*Records supplied*
--- --- ---

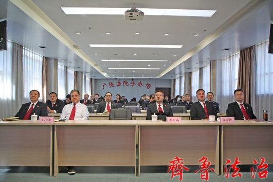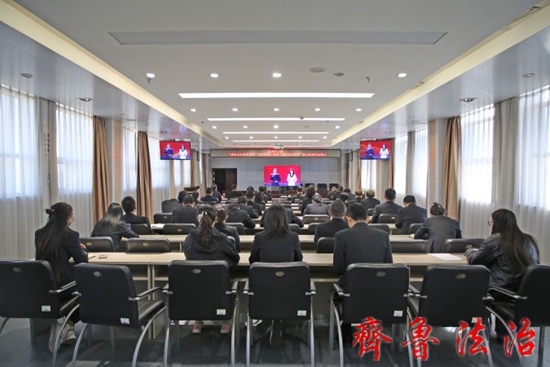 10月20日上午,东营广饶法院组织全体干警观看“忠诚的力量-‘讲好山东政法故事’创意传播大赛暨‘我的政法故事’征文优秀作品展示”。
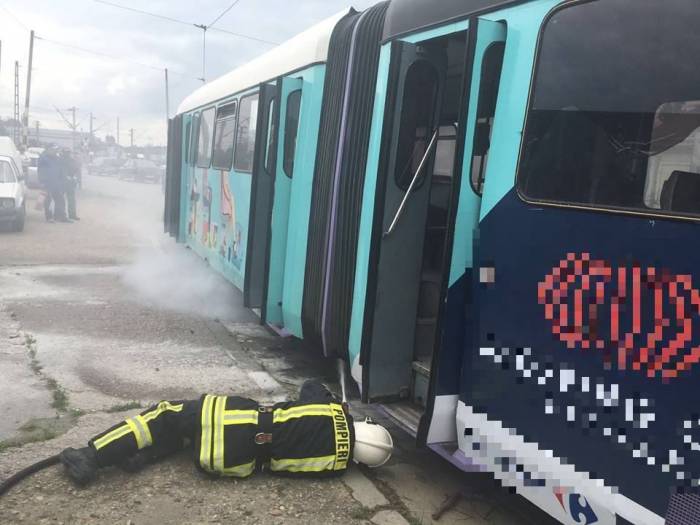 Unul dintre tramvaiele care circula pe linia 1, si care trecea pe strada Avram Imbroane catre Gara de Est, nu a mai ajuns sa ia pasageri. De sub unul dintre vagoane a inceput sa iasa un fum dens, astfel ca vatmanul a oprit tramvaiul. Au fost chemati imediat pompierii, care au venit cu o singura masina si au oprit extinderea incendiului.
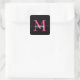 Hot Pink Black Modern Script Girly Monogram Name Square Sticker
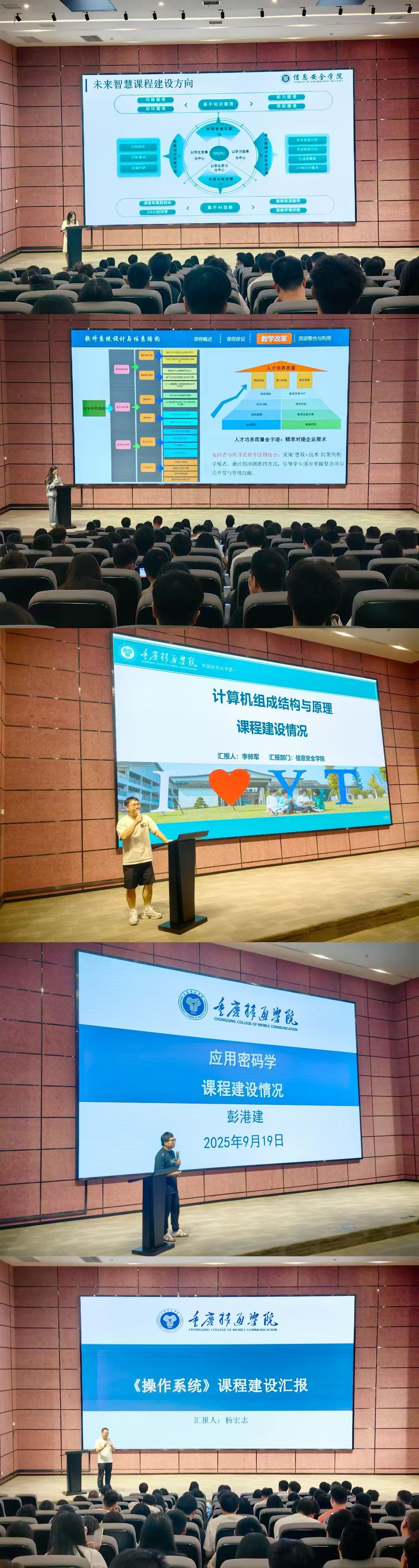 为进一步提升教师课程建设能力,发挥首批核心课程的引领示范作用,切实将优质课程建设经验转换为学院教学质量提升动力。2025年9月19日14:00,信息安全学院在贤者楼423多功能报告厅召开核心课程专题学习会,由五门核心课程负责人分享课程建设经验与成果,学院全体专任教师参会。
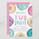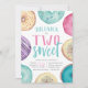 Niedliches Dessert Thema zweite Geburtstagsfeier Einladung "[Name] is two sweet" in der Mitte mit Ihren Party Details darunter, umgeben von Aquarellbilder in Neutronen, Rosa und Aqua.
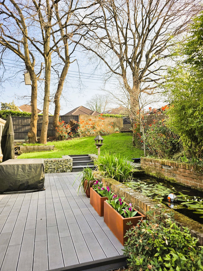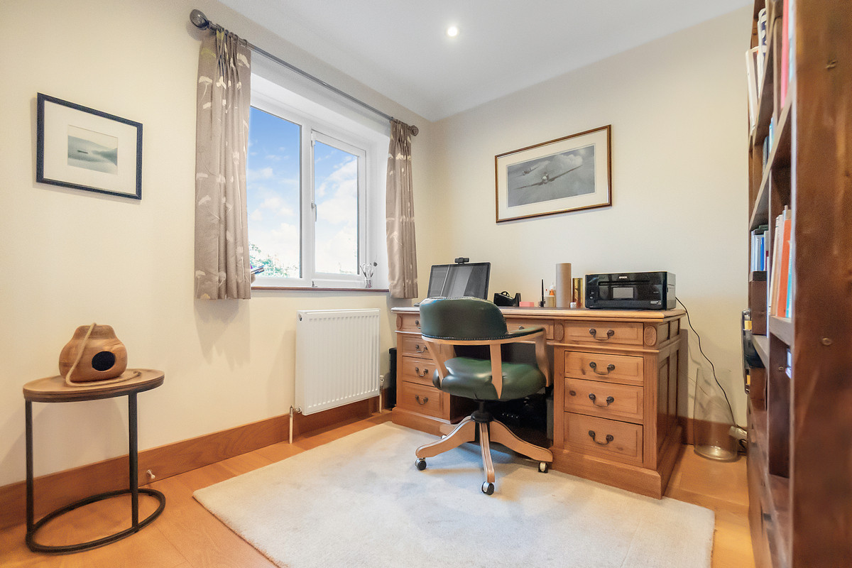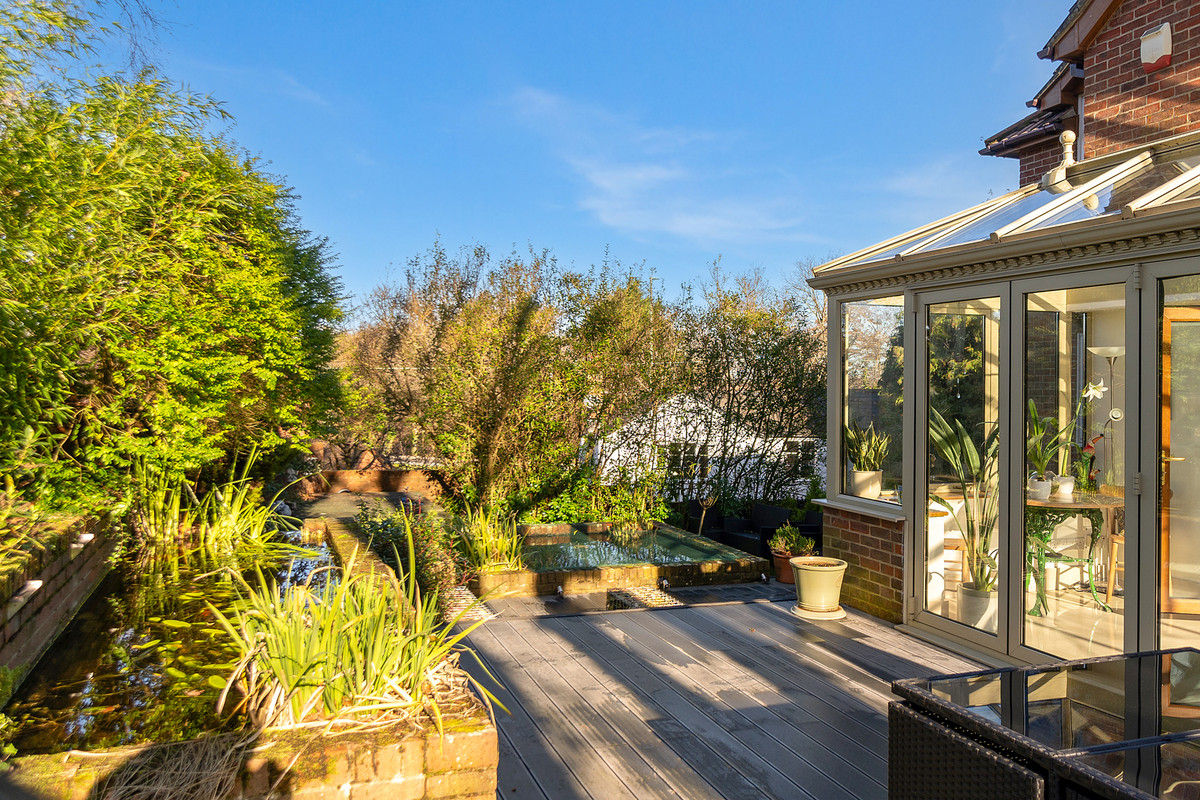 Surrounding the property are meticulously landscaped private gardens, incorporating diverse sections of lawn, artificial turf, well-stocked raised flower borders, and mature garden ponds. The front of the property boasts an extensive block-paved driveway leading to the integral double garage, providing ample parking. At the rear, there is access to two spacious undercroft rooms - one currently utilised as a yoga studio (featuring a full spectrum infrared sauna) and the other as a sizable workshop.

--- --- ---

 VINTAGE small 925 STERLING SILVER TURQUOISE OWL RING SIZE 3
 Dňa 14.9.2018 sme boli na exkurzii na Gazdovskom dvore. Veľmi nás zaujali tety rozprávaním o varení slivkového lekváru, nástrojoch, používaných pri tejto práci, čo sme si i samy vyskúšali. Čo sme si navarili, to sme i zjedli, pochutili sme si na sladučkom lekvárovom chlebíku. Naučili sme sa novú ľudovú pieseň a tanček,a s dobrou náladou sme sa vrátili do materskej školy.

--- --- ---

Would you copy out exactly the lines above that start at the one containing "VINTAGE small 925" and end at the one containing "Dňa 14.9.2018 sme", inclusive?

 VINTAGE small 925 STERLING SILVER TURQUOISE OWL RING SIZE 3
 Dňa 14.9.2018 sme boli na exkurzii na Gazdovskom dvore. Veľmi nás zaujali tety rozprávaním o varení slivkového lekváru, nástrojoch, používaných pri tejto práci, čo sme si i samy vyskúšali. Čo sme si navarili, to sme i zjedli, pochutili sme si na sladučkom lekvárovom chlebíku. Naučili sme sa novú ľudovú pieseň a tanček,a s dobrou náladou sme sa vrátili do materskej školy.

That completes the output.